• [Required work]: Copy every line of the following data that includes the string "with".

• [Records to use]:
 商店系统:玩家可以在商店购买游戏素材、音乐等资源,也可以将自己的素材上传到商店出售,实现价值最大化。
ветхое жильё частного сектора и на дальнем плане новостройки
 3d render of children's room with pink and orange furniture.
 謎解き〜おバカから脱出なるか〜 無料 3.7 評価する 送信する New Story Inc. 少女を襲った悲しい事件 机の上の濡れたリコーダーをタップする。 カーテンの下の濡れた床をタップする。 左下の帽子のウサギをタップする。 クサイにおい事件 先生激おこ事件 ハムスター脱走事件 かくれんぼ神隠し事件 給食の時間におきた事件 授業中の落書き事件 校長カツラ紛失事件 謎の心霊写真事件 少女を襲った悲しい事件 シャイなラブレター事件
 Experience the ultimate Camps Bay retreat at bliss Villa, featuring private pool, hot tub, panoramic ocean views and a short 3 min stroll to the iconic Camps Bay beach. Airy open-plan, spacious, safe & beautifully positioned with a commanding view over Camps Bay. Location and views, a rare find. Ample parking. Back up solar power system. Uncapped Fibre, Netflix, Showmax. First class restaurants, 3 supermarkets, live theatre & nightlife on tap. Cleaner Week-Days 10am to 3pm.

==

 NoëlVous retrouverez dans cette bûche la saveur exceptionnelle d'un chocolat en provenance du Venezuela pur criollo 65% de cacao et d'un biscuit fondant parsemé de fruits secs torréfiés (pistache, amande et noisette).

* * *

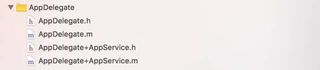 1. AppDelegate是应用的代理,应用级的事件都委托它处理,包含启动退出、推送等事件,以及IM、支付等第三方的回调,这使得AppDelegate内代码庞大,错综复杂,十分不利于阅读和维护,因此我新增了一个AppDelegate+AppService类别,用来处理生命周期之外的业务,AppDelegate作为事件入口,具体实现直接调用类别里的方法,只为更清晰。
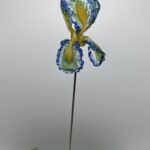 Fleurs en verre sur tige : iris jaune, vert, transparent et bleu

• [Finished exercise]:
 3d render of children's room with pink and orange furniture.
 Experience the ultimate Camps Bay retreat at bliss Villa, featuring private pool, hot tub, panoramic ocean views and a short 3 min stroll to the iconic Camps Bay beach. Airy open-plan, spacious, safe & beautifully positioned with a commanding view over Camps Bay. Location and views, a rare find. Ample parking. Back up solar power system. Uncapped Fibre, Netflix, Showmax. First class restaurants, 3 supermarkets, live theatre & nightlife on tap. Cleaner Week-Days 10am to 3pm.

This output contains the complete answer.